Temporal Difference Learning: Bootstrapping from Experience

4 minute read

Published:

TL;DR: TD learning updates value estimates after each step using a bootstrapped target — combining the model-free nature of Monte Carlo with the online efficiency of dynamic programming. The TD error δ = r + γV(s') - V(s) is the fundamental learning signal in Q-learning, actor-critic, and most deep RL algorithms.
Temporal difference learning
Temporal difference in asynchronous learning (Mnih et al., 2016)

The DP–MC–TD Triangle

Three approaches to policy evaluation form a triangle of trade-offs:

MethodRequires model?Waits for episode?BiasVariance
Dynamic ProgrammingYesNoLowZero
Monte CarloNoYesZeroHigh
Temporal DifferenceNoNoLowLow

Monte Carlo (MC) methods wait for the episode to end, then update using the actual return \(G_t = r_t + \gamma r_{t+1} + \cdots + \gamma^{T-t} r_T\). This is unbiased but has high variance because \(G_t\) is a long sum of random variables.
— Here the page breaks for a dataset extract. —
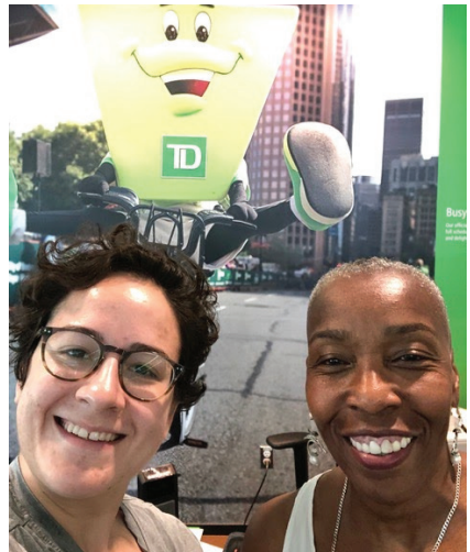
Bank account opening with 501C3 status.

We accomplished a major organizational growth goal this year by integrating Powerbase, a database for organizers, into our workflow. Through rigorous training and customization both by our staff members and by the Powerbase team, by the end of 2019 we accomplished our goal of tracking the majority of our work, including meetings, events, support circles, donations, grant management, and newsletter publishing, within this database. This enables us to have a clear picture of what we have accomplished and what our goals are for the future, and provides us with accurate and precise metrics for internal evaluation and reporting to our funders.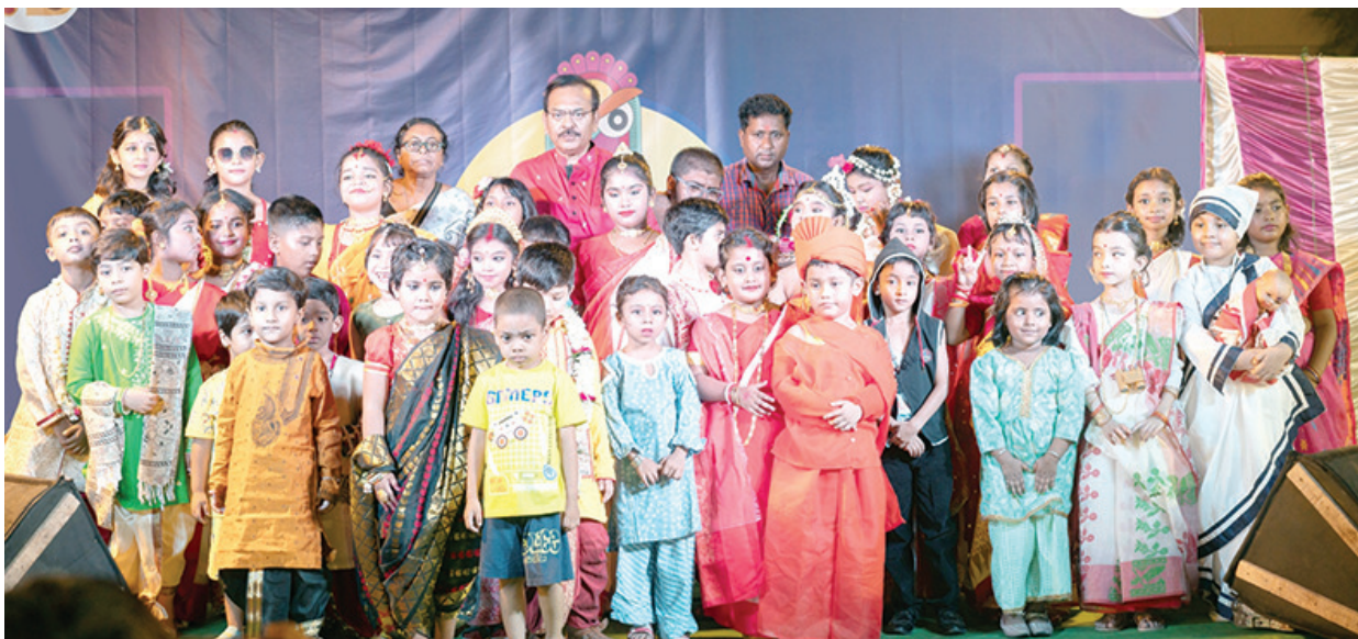
Minister Aroop Biswas attended a fashion show for children and young people on the occasion of the Bengali New Year, organized by 'Kolkata Arter Haat' in Ward No. 113, Tollygunge, on Saturday.

Temporal Difference methods update after each step using an estimated return — the TD target: \(r_t + \gamma V(s_{t+1})\). This introduces some bias (\(V\) is not yet converged) but dramatically reduces variance.

TD(0): The Fundamental Update

The simplest TD algorithm, TD(0), updates the value function after each transition:

$$V(s_t) \leftarrow V(s_t) + \alpha \underbrace{\left[r_t + \gamma V(s_{t+1}) - V(s_t)\right]}_{\delta_t \;=\; \text{TD error}}$$

The TD error \(\delta_t = r_t + \gamma V(s_{t+1}) - V(s_t)\) is the central object: it measures how much better (or worse) the outcome was compared to the current prediction. When \(\delta_t > 0\), the agent was pleasantly surprised; when \(\delta_t < 0\), the outcome was worse than expected.

The TD(0) algorithm:

Initialise V(s) = 0 for all s
for each episode:
    s ← initial state
    while s is not terminal:
        a ← π(s)
        s', r ← step(s, a)
        δ ← r + γ V(s') - V(s)
        V(s) ← V(s) + α δ
        s ← s'

Convergence: for tabular representations and a policy \(\pi\), TD(0) converges to \(V^\pi\) almost surely as long as the step-size \(\alpha\) satisfies the Robbins-Monro conditions: \(\sum_t \alpha_t = \infty\) and \(\sum_t \alpha_t^2 < \infty\).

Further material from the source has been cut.